Search code examples
sqlsql-serverquery-performance

SQL Server inefficient query (server full load)


We are currently scraping structured data from a variety of different sources. Before ingesting new data into our table, we check to see if the data_id exists already.

IF NOT EXISTS (SELECT TOP 1 * FROM TABLE_NAME WHERE DATA_ID=@P0)

We have no indexes; however, we have a PK set for our id column which seems unnecessary, should we remove this to improve insert speed?

Our server is currently at full load checking through 3 million or so worth of data to make sure we are not inserting duplicate data. We have tried upgrading our SQL Server for higher DTU but that doesn't seem to help at all.

When we have multiple jobs running at the same time checking for unique data or SQL Server comes to a crawl and insert speed takes forever.

Should we get rid of this unique data check and create new tables for every scraping job, then use a SQL Query to compare the differences, such as new data or data that was removed?

Query used for conditional insertion:

String sql = "IF NOT EXISTS (SELECT TOP 1 * FROM A_PROV_CVV_LDG_1 WHERE DATA_ID=?) " +
            "INSERT INTO A_PROV_CVV_LDG_1 (DATA_ID, SourceID, BASE_ID, BIN, BANK, CARD_TYPE, CARD_CLASS," +
            " CARD_LEVEL, CARD_EXP, COUNTRY, STATE, CITY, ZIP, DOB, SSN, EMAIL, PHONE, GENDER, ADDR_LINE_1, ADDR_LINE_2," +
            " FIRST_NAME, LAST_NAME, DateAddedToMarket, PRICE) " +
            "VALUES (?,?,?,?,?,?,?,?,?,?,?,?,?,?,?,?,?,?,?,?,?,?,?,?)";

This is the entire table definition, no indexes only PK is 'id' which seems unnecessary.
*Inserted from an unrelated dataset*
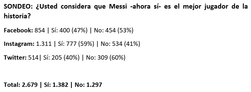 Del total de participantes en el sondeo, 1.382 personas dijeron que Messi ahora sí es el mejor jugador de la historia, en cambio, 1.297 seguidores de Q'hubo opinaron lo contrario, que todavía no le ha llegado el momento de hacer historia.

+-------------------+--------------+-----------+ | (PK)id | int | Unchecked | | DATA_ID | int | Checked | | SourceID | int | Checked | | BASE_ID | varchar(255) | Checked | | BIN | varchar(255) | Checked | | BANK | varchar(255) | Checked | | CARD_TYPE | varchar(255) | Checked | | CARD_CLASS | varchar(255) | Checked | | CARD_LEVEL | varchar(255) | Checked | | CARD_EXP | varchar(255) | Checked | | COUNTRY | varchar(255) | Checked | | STATE | varchar(255) | Checked | | CITY | varchar(255) | Checked | | ZIP | varchar(255) | Checked | | DOB | varchar(255) | Checked | | SSN | varchar(255) | Checked | | EMAIL | varchar(255) | Checked | | PHONE | varchar(255) | Checked | | GENDER | varchar(255) | Checked | | ADDR_LINE_1 | varchar(255) | Checked | | ADDR_LINE_2 | varchar(255) | Checked | | FIRST_NAME | varchar(255) | Checked | | LAST_NAME | varchar(255) | Checked | | PRICE | varchar(255) | Checked | | DateAddedToMarket | varchar(255) | Checked | | DateAdded | datetime | Unchecked | +-------------------+--------------+-----------+


Solution

  • You absolutely need a unique index on DATA_ID for your query--indeed for any deduplication attempt on DATA_ID---to work efficiently. Without it every attempted insert does a full table scan.

    Yes, indexes slow down insertion a little bit. But an index on an integer column isn't very expensive. Certainly not compared to the mess you're in now with a table scan for every insertion. Create that index.